The dire peals of Intel's Thursday-night bad news — that Q3 earnings would grow only 3 to 5 percent from the company's second-quarter numbers, and not the 6 to 8 percent growth once expected — have been reverberating westward across the globe since Thursday night and giving investors headaches all the way. Tokyo, Hong Kong, Frankfurt, London... and now back to Wall Street, where losses that had been piling up all night — to record volume for electronic-trading networks — came gushing out with the morning bell (NASDAQ falling 194 points in 13 minutes dramatic enough for you?). A very bad end to a lousy week.

Intel, see, is the bluest of the blue-chip tech stocks, considered the sector's best indicator of where the overall high-tech winds are blowing. It's a member of the Dow, NASDAQ and the S&P, which is the practical reason why Wall Street's trio of indexes all tanked on the news. But the spiritual malaise is just as contagious; Microsoft, Dell and Cisco all took overnight hits as well. Intel's announcement also comes early in a third-quarter earnings season that investors are nervous enough about already. Bad earnings news revives fears that Greenspan's soft landing may be a rocky one for corporations.

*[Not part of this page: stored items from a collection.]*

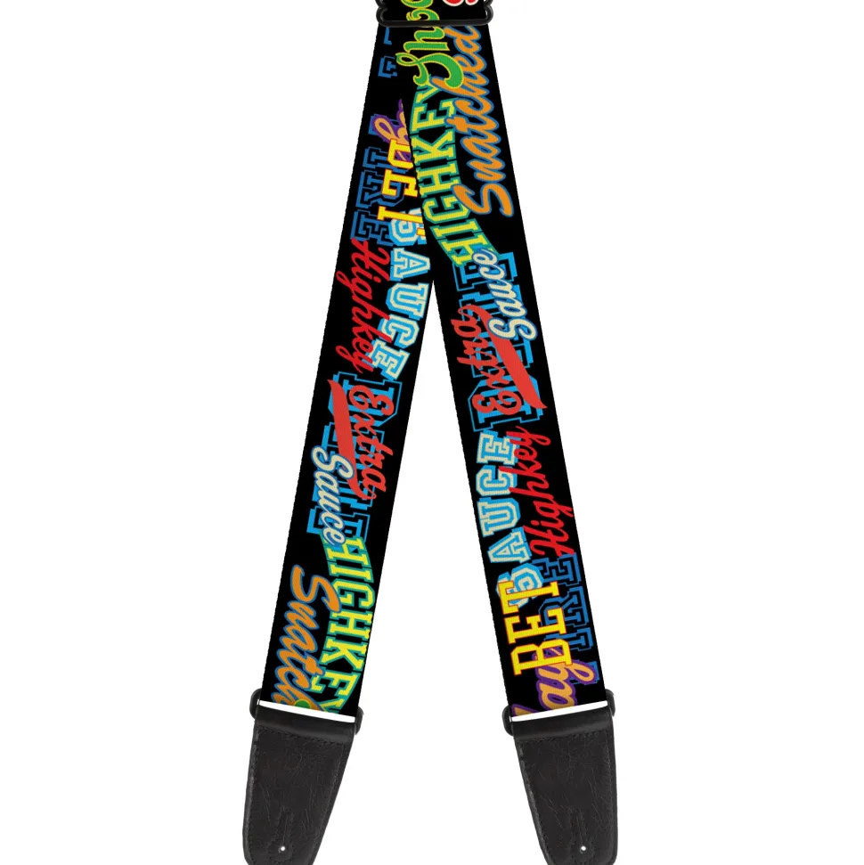 Guitar Strap - Slang Verbiage Stacked Black/Multi Color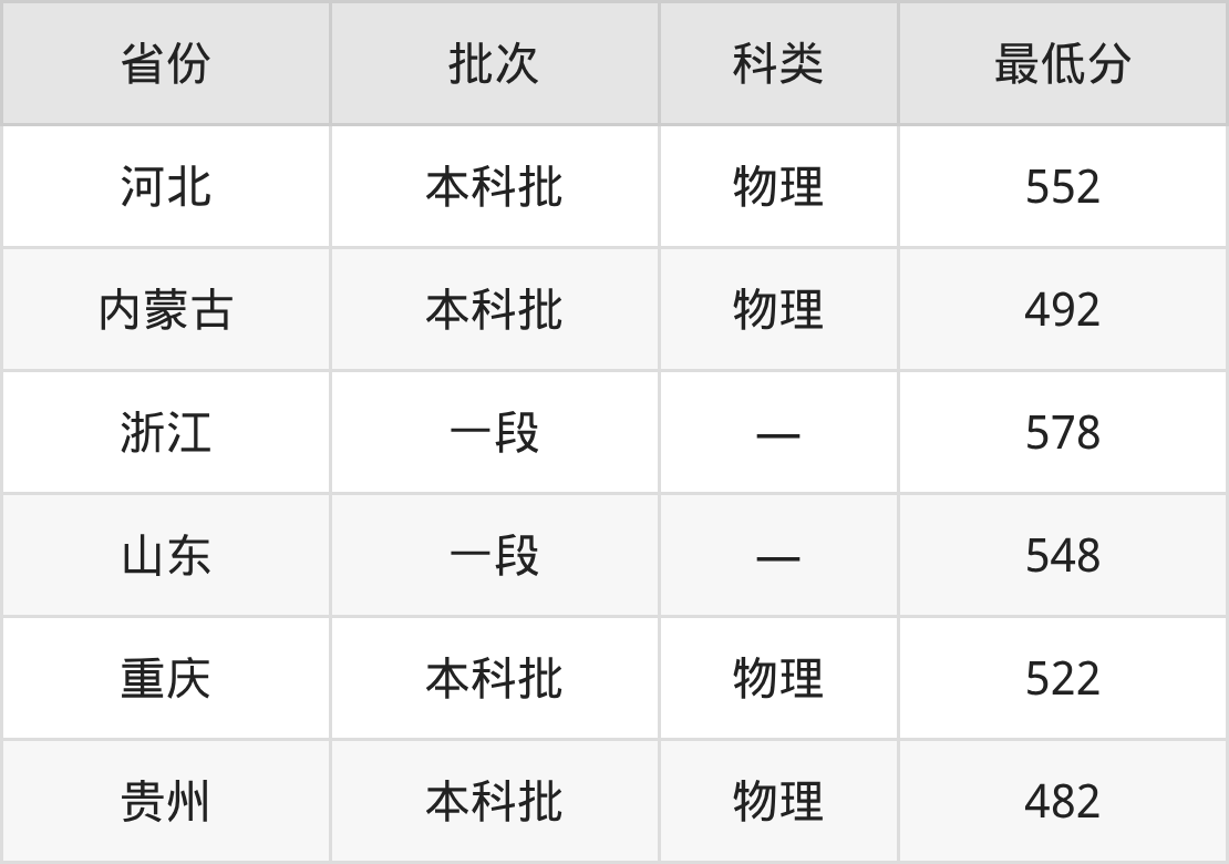 景德镇陶瓷大学文物保护技术专业在全国各省最低录取分数线为482分(贵州物理类),除此之外,在其余地区的最低分为河北物理类552分、内蒙古物理类492分、浙江578分、山东548分等,以上数据均为2025年数据,供2026年高考生参考。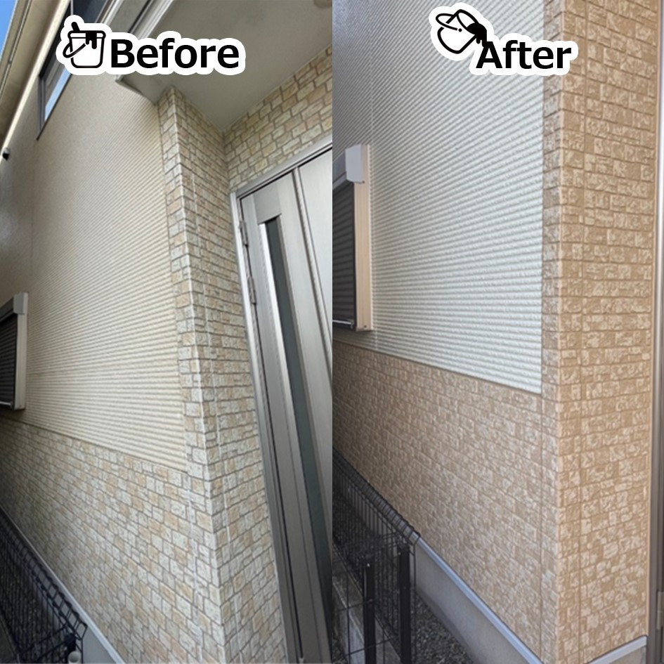 玄関のポイント部分は意匠性のある外壁の柄を崩さずに外壁の目地とタイル、凹凸部分を活かして2色仕上げを行いました✨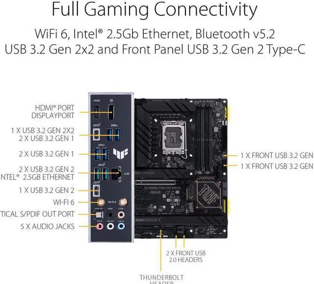 Ultra Fast Gaming Networking: WiFi 6 AX201 ( 802.11 ax), Intel I225-V 2.5G b LAN, TUF LAN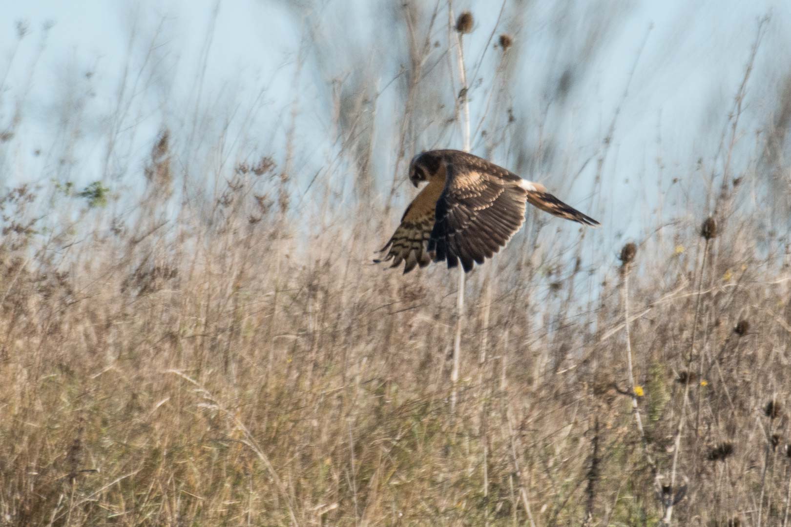 Busard pâle observé le 6 et 7 décembre en vol rasant au dessus d'une prairie en friches en milieu d'après midi.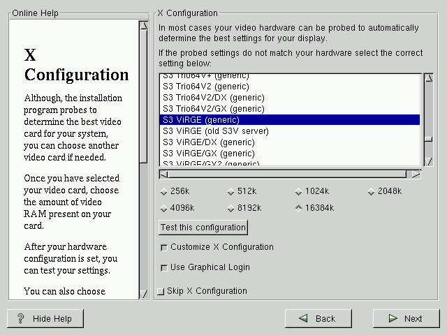 Next, Xconfigurator prompts you for the amount of video memory installed on your video card. If you are not sure, please consult the documentation accompanying your video card. You will not damage your video card by choosing more memory than is available, but the XFree86 server may not start correctly if you do.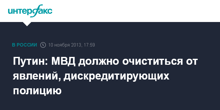 Путин: МВД должно очиститься от явлений, дискредитирующих полицию

Then there's the culprits. Intel blamed sagging European demand — this to go with news that the European Central Bank is intervening on behalf of the euro, a real sign of desperation in E.U.-land — and the bane of both continents, rising oil prices.

Which brings us to Al Gore. If corporate earnings are indeed as flat this quarter as indicator Intel is indicating, the markets could be in for a nervous October. Uncertainty — over earnings, over oil prices, over the dollar, over Greenspan's landing and over the election itself — could keep the Dow in the dumps till November. And the Dow, as the New York Times was good enough to point out Friday, is 22-3 as an election prognosticator this century. Dow goes up in fall, economy looks good, incumbent wins. Dow goes down in fall, people worry, new guy wins.

But by mid-morning, the free-fall was leveling off. Selling Intel — down 13 points at 10:30 — in the middle of a bloodbath may be good business for the pros, but American investors are well schooled in the buy-and-hold. And they know that a brief run of bad sessions in September — or the one-time underperformance of a stock up 49 percent for the year when the news hit — do not an incumbent-ousting recession make. A few sprightly earnings numbers from the tech sector in October, and the current gloom could be a distant memory.

Which is not to say that somewhere deep inside, Al Gore isn't wondering if the government couldn't take a few million chips off Intel's hands, just to nip this thing in the bud.